## Task input
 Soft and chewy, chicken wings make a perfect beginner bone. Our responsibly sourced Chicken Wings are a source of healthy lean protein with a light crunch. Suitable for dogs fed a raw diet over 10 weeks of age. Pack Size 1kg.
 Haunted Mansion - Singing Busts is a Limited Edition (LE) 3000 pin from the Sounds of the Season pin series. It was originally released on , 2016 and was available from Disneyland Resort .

---

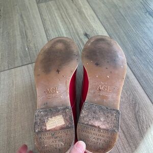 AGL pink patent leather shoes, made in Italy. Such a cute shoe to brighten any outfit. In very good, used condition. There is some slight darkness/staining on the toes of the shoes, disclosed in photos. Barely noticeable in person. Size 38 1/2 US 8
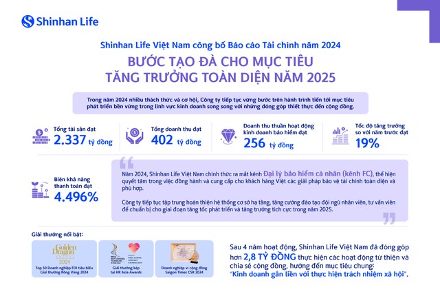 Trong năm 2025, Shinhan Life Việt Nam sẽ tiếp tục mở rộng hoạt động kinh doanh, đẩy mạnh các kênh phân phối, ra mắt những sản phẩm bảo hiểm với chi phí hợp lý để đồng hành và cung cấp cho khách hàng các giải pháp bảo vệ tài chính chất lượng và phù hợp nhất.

## Task brief
What is needed is an exact copy of the lines above, from the one containing "Soft and chewy, chicken" through the one containing "Haunted Mansion - Singing", with nothing added.

## Answer space
 Soft and chewy, chicken wings make a perfect beginner bone. Our responsibly sourced Chicken Wings are a source of healthy lean protein with a light crunch. Suitable for dogs fed a raw diet over 10 weeks of age. Pack Size 1kg.
 Haunted Mansion - Singing Busts is a Limited Edition (LE) 3000 pin from the Sounds of the Season pin series. It was originally released on , 2016 and was available from Disneyland Resort .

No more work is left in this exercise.